Otuz beş yoksul Kürt!

Bombalar yağdı üzerlerine, önce öyle katledildiler.

Devlet ve medya, saatlerce yok saydılar bu katliamı. Saklamak mümkün olsa, belki hiç söz etmeyeceklerdi bundan. Lakin “iletişim çağı”nda yaşıyoruz ve dünya âlem daha ilk anda öğrenmişti her şeyi. O otuz beş kişi bir kez de böyle katledildiler.
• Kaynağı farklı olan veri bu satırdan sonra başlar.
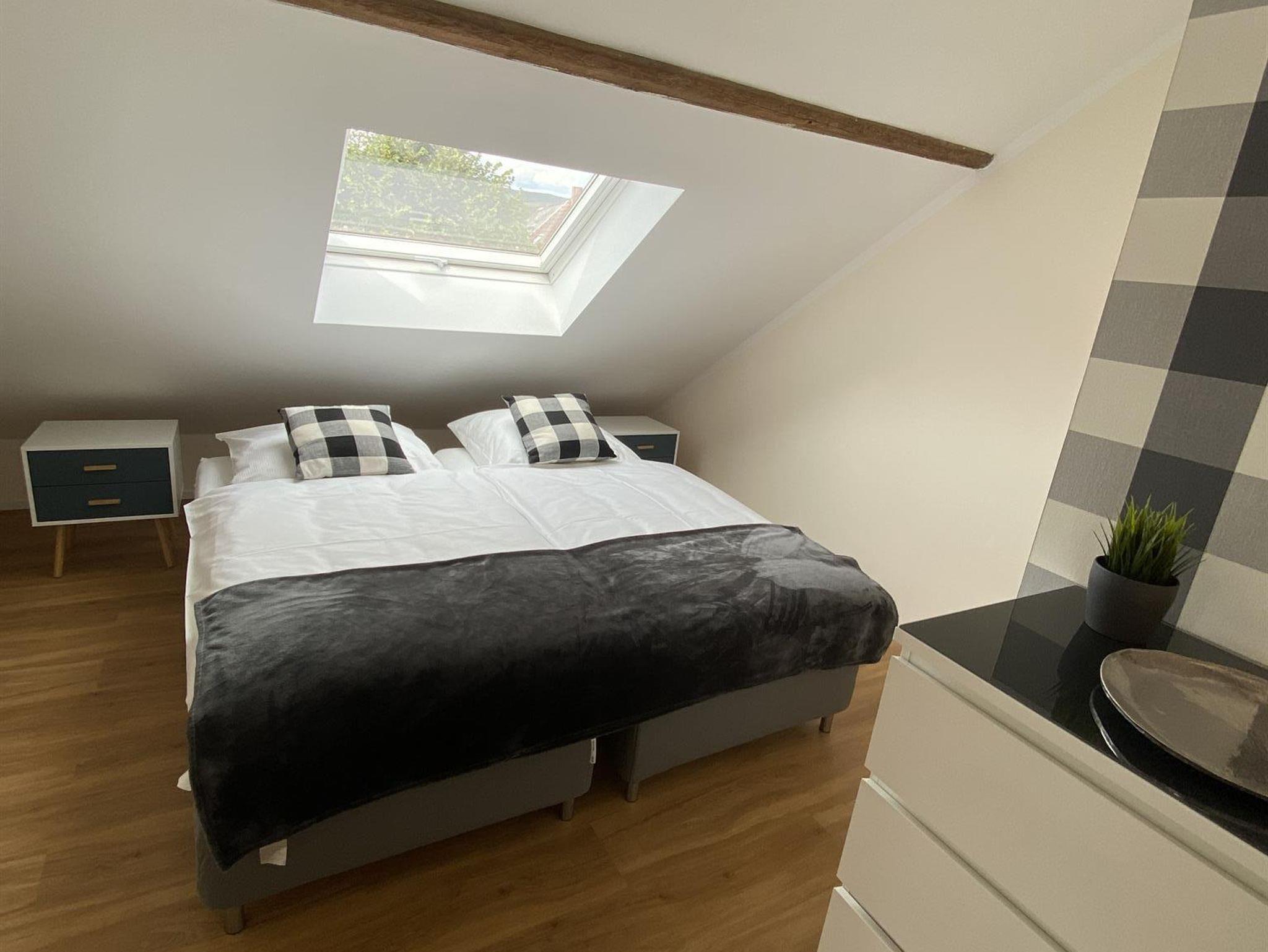 Diese helle 90 m² Maisonette-Wohnung in einem historischen Gebäude bietet Platz für bis zu 4 Personen. Zwei Schlafzimmer mit flexiblen Doppelbetten, ein gemütliches Wohnzimmer mit Smart/Sat-TV und eine hochwertig ausgestattete Küche lassen keine Wünsche offen. Fußbodenheizung sorgt für Komfort, das separate WC für zusätzlichen Luxus. Auf der Terrasse oder im Wellnessgarten mit Sauna & Whirlpool lässt es sich wunderbar entspannen. WLAN & Parkplatz kostenlos.

Haber bültenleri, acıdan ve üzüntüden arındırılmış soğuk bir dille veriyorlar “olayı”. “Öldürülen” demekten kaçınıyorlar ısrarla, “ölen” diyorlar 35 kişi için. “Ecelleri gelmişti, öldüler” der gibidir haberlerin dili. O otuz beş kişi bir kez de böyle katledildiler.

Hükümet, günlerce sustuğu gibi, cenazeye bir temsilcisini de yolla(ya)madı. O otuz beş kişi bir kez de böyle katledildiler.

Başbakan konuştu; ama sorumluluğu üstlenmek bir yana, kendi hükümetinden başka herkesi suçlayan bir havadaydı. Başbakan yardımcısı da benzer edayla konuştu; üstelik resmen özür dilemeye gerek olmadığını söyledi. O otuz beş kişi bir kez de böyle katledildiler.

Öldürülenler Kürt değil de Türk olsaydı böyle olur muydu ya da ölüm karşısında böylesine bir adaletsizliğin sebebi ne ola ki? Nâzım Hikmet’in “Ölüme Dair” şiirini hatırlıyor musunuz? Ben sadece birkaç dizesini aktarayım:

 

Bir eski Acem şairi :
“Ölüm âdildir” — diyor,—
“aynı haşmetle vurur şahı fakiri.”

Hâşim,
neden şaşıyorsunuz?
Hiç duymadınız mıydı kardeşim,
 herhangi bir şahın bir gemi ambarında
 bir kömür küfesiyle öldüğünü?..

Biliyorum,
ölümün âdil olması için
hayatın âdil olması lâzım, diyorsunuz...

Kürtler için hayat hiç adil olmadı ki bu memlekette...

İlk suskunluktan sonra; uzmanlar “çok kıymetli” bilgiler veriyor, köşe yazarları derin tahliller yapıyorlar. Operasyon kazası, istihbarat zaafı, devlet içi iktidar mücadelesi gibi laflar havada uçuşuyor. Sanki böyle bir “olay” ilk kez oluyormuş; dünü ve bugünüyle “devletin Kürt politikası”ndan tamamen bağımsızmış gibi konuşuyor çoğu.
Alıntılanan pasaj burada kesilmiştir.